How to complete this task: Every line from the one with "Tomat, ost, champignon, pepperoni, bacon" to the one with "Belt red top", including those two, is to be copied exactly; all other lines of the entries below are left out.

Material provided below:

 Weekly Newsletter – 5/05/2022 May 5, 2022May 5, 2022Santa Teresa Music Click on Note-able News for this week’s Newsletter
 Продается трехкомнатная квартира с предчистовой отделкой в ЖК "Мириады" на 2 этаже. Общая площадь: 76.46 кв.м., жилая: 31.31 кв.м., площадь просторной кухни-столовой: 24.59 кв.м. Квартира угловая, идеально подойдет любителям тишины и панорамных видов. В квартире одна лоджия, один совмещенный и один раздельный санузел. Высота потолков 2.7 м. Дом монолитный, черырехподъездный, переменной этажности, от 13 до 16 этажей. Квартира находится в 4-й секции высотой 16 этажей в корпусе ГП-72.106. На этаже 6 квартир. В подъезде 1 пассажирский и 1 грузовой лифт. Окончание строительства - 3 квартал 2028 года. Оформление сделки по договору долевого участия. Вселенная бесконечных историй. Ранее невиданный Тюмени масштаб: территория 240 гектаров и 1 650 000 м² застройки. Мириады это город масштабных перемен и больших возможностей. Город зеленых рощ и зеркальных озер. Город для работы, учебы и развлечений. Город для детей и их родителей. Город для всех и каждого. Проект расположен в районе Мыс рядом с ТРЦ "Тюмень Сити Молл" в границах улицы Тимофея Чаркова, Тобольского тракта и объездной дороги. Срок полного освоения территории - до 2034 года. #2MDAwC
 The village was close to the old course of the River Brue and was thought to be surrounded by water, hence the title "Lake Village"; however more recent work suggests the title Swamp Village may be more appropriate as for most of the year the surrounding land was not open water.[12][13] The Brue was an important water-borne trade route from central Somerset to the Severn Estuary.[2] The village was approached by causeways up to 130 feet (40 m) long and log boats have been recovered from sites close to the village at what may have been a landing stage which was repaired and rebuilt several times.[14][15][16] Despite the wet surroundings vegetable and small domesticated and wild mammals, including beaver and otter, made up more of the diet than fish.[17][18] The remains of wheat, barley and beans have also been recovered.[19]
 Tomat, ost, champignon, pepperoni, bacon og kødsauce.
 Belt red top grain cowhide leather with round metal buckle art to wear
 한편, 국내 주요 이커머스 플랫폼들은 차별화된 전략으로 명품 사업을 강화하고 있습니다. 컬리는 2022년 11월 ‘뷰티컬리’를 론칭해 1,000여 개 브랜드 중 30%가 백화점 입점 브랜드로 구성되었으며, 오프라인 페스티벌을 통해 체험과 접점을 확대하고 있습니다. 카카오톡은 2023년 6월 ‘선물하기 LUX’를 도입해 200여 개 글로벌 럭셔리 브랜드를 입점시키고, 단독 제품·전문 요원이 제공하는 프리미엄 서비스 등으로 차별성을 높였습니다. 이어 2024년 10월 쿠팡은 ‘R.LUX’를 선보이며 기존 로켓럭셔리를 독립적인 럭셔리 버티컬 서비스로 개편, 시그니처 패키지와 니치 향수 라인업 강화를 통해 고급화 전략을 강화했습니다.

End of Material provided.
Material provided below:

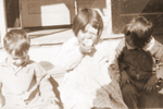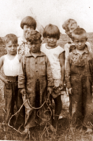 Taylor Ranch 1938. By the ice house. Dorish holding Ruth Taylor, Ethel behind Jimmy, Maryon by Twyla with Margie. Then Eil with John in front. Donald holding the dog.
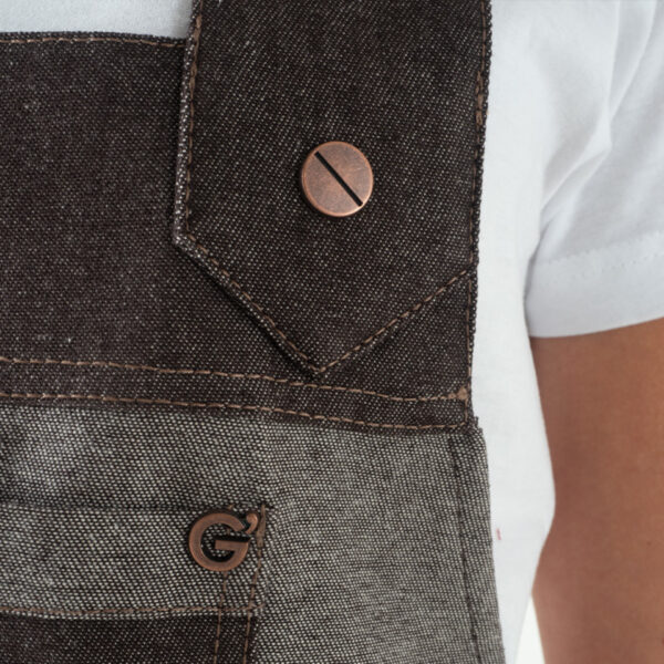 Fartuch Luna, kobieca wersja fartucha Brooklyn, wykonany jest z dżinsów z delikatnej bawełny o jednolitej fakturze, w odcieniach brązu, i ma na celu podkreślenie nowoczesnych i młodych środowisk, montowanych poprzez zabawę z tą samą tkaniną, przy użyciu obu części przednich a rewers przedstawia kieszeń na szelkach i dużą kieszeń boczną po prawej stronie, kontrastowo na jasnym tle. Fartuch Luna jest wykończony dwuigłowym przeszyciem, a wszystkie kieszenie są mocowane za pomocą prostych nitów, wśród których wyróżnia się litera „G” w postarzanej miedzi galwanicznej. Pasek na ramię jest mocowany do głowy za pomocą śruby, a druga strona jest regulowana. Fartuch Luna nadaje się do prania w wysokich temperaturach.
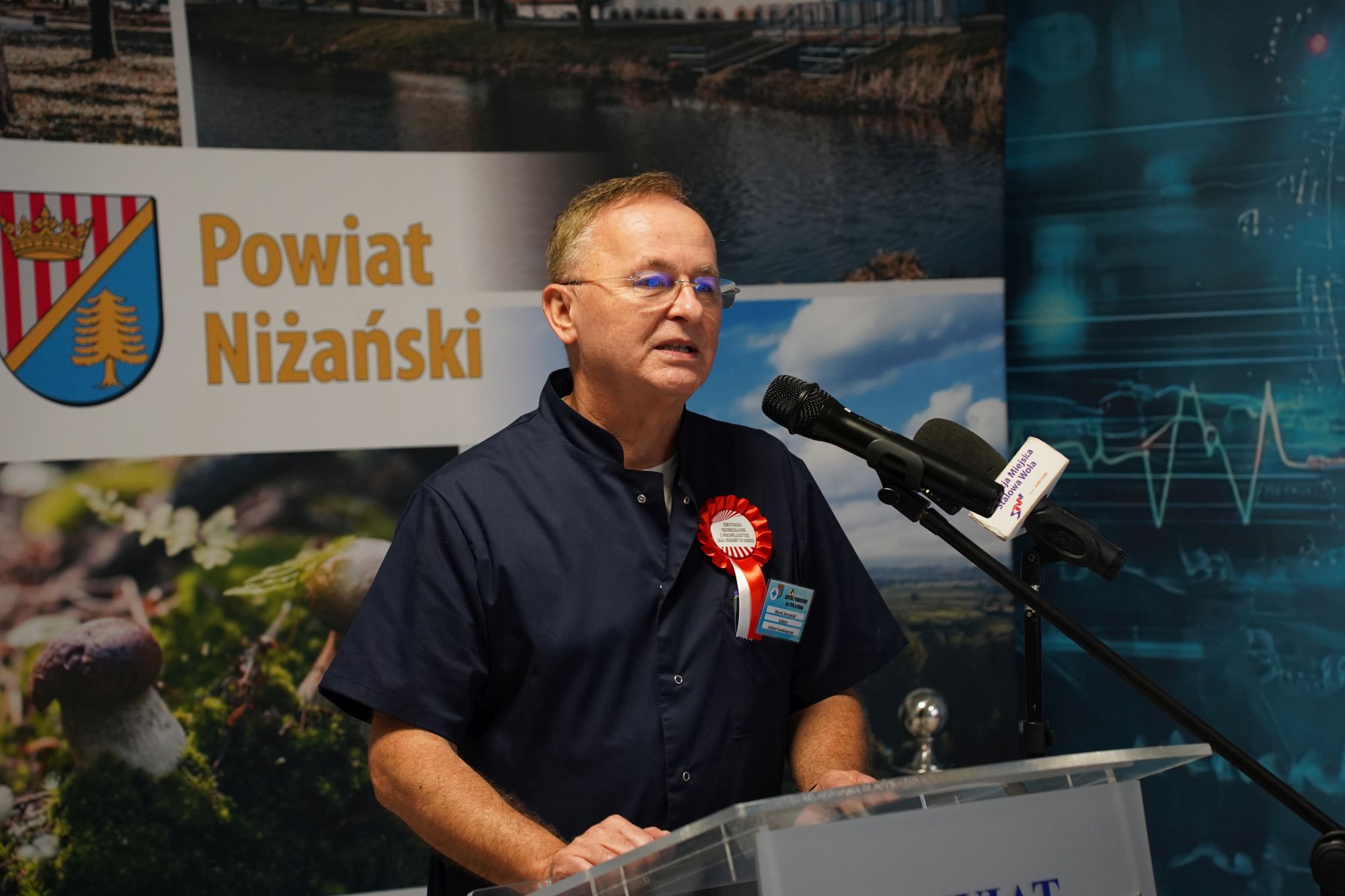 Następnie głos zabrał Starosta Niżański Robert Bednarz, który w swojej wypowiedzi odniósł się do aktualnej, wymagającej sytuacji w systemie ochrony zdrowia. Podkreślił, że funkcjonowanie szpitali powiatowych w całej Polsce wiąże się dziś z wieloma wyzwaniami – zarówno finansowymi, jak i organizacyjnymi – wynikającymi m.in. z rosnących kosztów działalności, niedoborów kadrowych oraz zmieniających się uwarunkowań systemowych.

End of Material provided.
Material provided below:

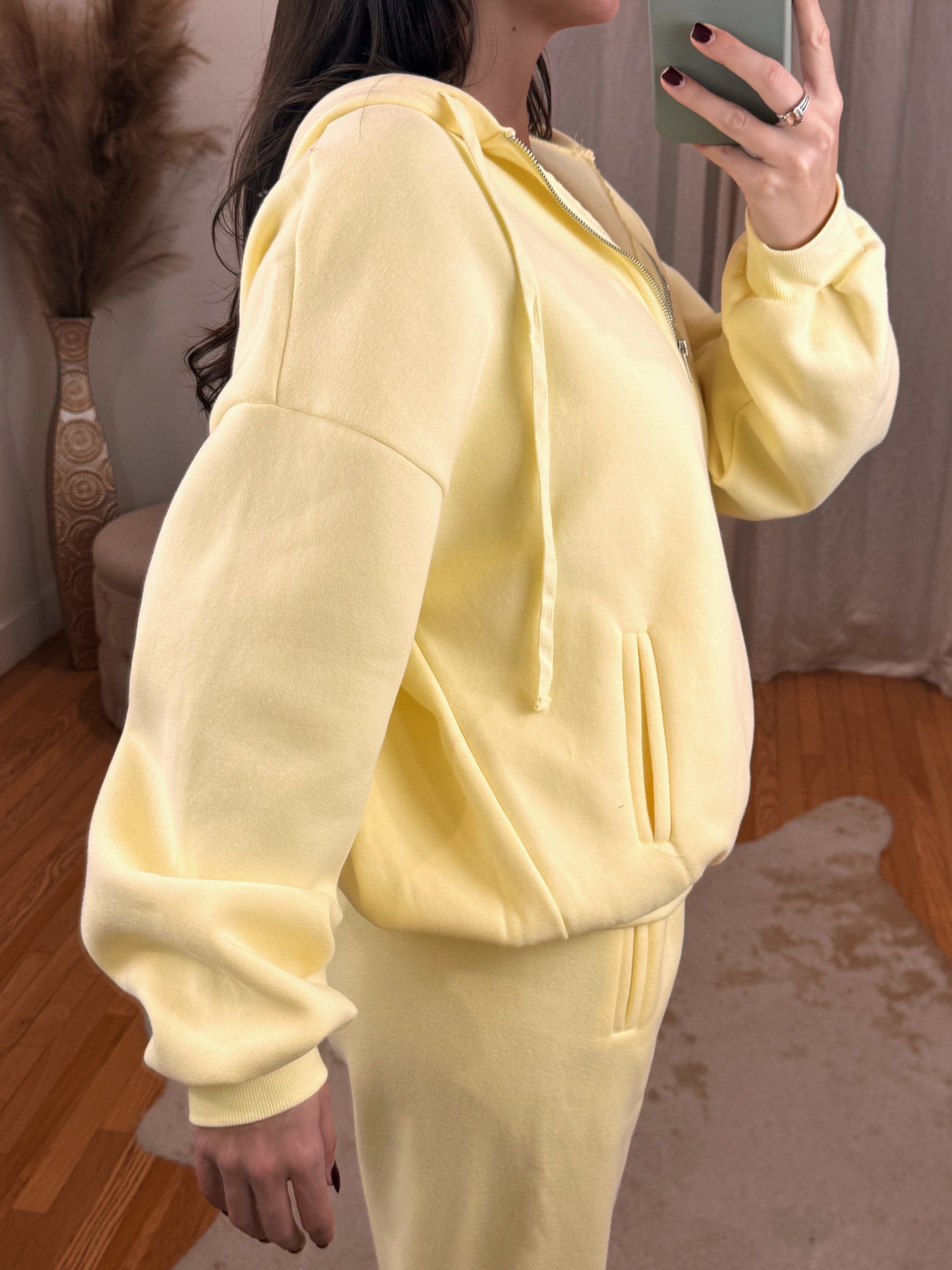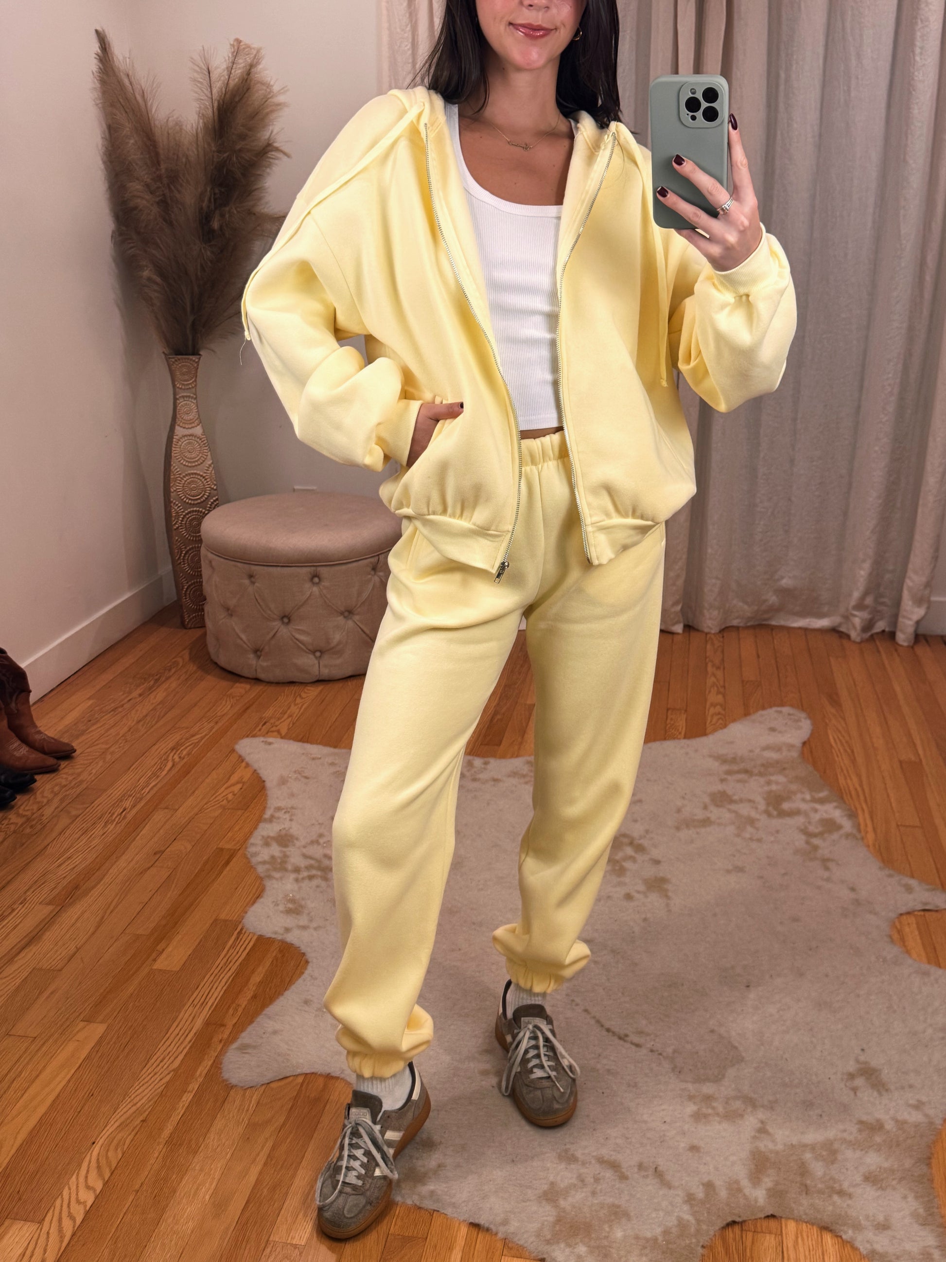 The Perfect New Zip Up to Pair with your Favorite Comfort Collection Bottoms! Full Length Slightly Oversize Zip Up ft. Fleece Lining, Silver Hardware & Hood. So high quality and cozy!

End of Material provided.

Response box:
 Tomat, ost, champignon, pepperoni, bacon og kødsauce.
 Belt red top grain cowhide leather with round metal buckle art to wear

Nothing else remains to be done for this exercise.